# Math Help - first-countable...

1. ## first-countable...

Let $\{X_i\}_{i \in I}$ a family of topological spaces. Prove that the product space $\prod X_i$ is first-countable if and only if each $X_i$ are first-countable, and every space $X_i$, except for a countable quantity, are indiscrete.

I have no idea... Maybe something for the converse, but probably I´m wrong...

2. Originally Posted by Inti
Let $\{X_i\}_{i \in I}$ a family of topological spaces. Prove that the product space $\prod X_i$ is first-countable if and only if each $X_i$ are first-countable, and every space $X_i$, except for a countable quantity, are indiscrete.

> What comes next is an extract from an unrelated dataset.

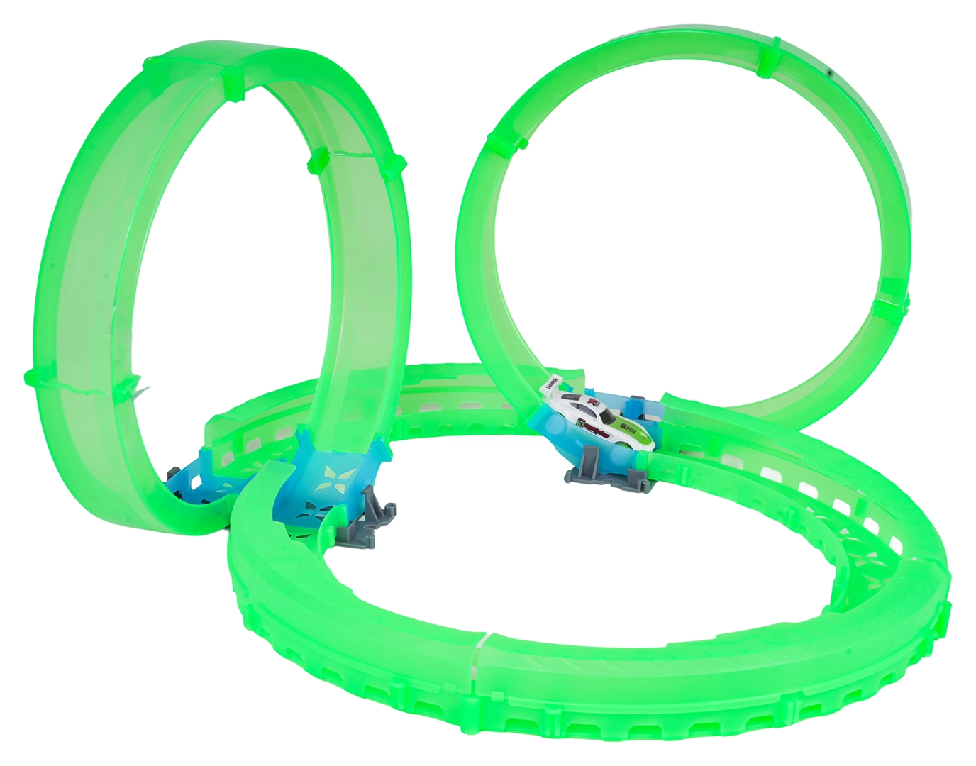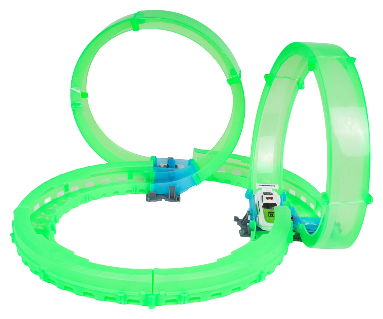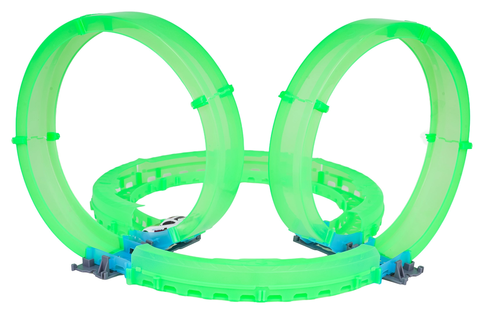 Elementele translucide ale pistei strălucesc în întuneric și permit o cursă spectaculoasă plină de bucle și curbe.
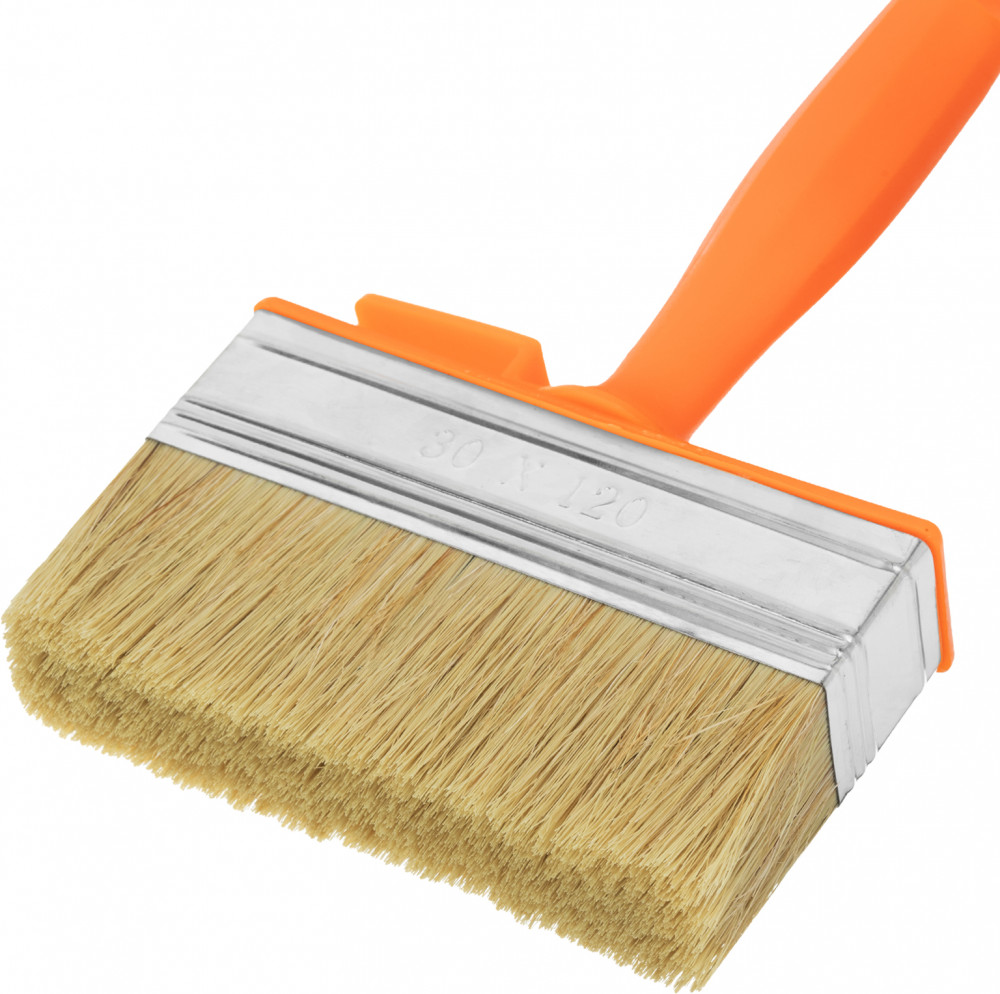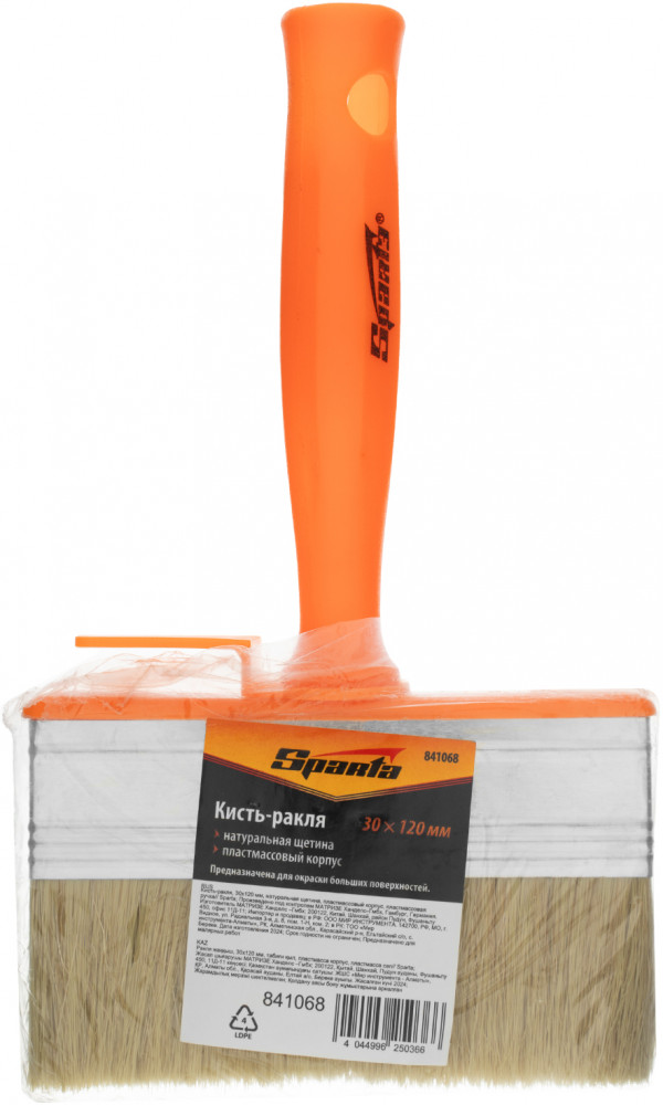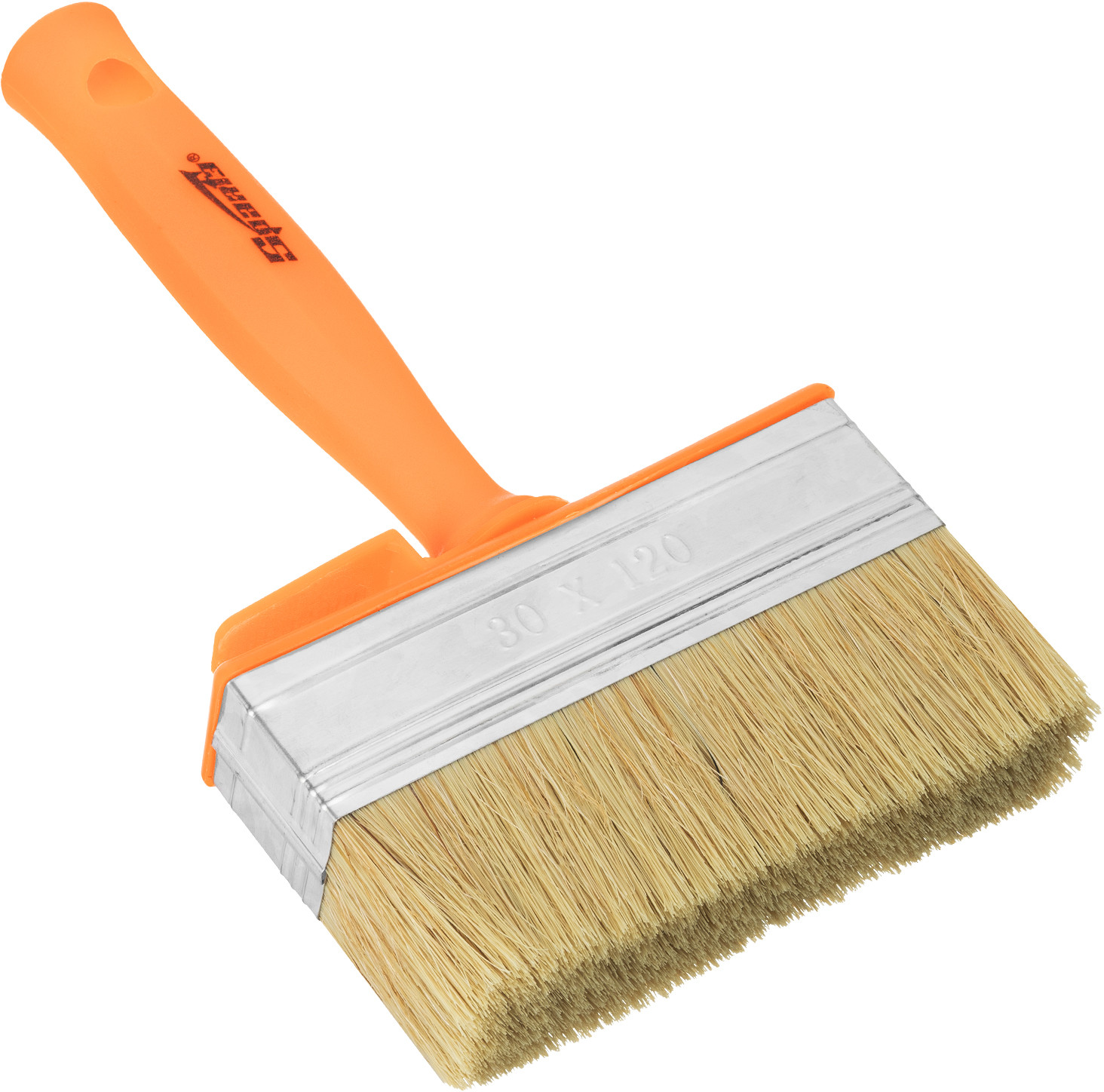Кисть-ракля Sparta толщиной 30 мм и шириной 120 мм, с натуральной щетиной, пластмассовыми корпусом и ручкой, используется для малярных работ на участках большой площади, поэтому удобна для обработки стен, потолков и фасадов. Натуральная щетина устойчива к химическому воздействию, поэтому не деформируется и сохраняет упругость при работе с ЛКМ на водной основе, грунтовками, масляными красками и клеящими составами.

I have no idea... Maybe something for the converse, but probably I´m wrong...
Definition. A space X is first countable provided that there is a countable local basis at each point of X.

$(\Rightarrow)$
Assume $\prod_{i \in I}{X_i}$ is first countable. Then, for each $x = {(x_i)}_{i \in I}$ lies in $\prod_{i \in I}{X_i}$, there is a countable local basis at $x = {(x_i)}_{i \in I}$. Let a countable union of countable product set $\prod{(U_{x_i})}_i$ be such a countable local basis at $x = {(x_i)}_{i \in I}$, where ${(U_{x_i})}_i$ is a local basis at each $x_i \in X_i$ for finitely many values of $i$ and ${(U_{x_i})}_i = X_i$ for all other values of i. It follows that ${(U_{x_i})}_i$ should be all countable since $\prod_{i \in I}{X_i}$ has a countable local basis for each x lies in $\prod_{i \in I}{X_i}$ by hypothesis. Thus, each ${(U_{x_i})}_i$ can be the required countable local basis at each $x_i \in X_i$ and we conclude that $X_i$ is first-countable. Since a countable union of $\prod{(U_{x_i})}_i$ is countable, ${(U_{x_i})}_i = X_i$ for all but countable values of i. Thus, $X_i$ should be indiscrete for all but countable values of i.

$(\Leftarrow)$
Assume each $X_i$ is first-countable, and every space $X_i$, except for a countable quantity, are indiscrete.
Let $x = {(x_i)}_{i \in I}$ lies in $\prod_{i \in I}{X_i}$. If $(\beta_{x_i})_i$ is a countable local basis at $x_i$ for the space $X_i$, then the countable union of products $\prod{(U_{x_i})}_{i}$, where ${(U_{x_i})}_i = {(\beta_{x_i})}_i$ for finitely many values of $i$ and ${(U_{x_i})}_i = X_i$ for all the other values of $i$ is the desired countable local basis for $x = {(x_i)}_{i \in I}$ lies in $\prod_{i \in I}{X_i}$. Thus, $\prod_{i \in I}{X_i}$ is first countable.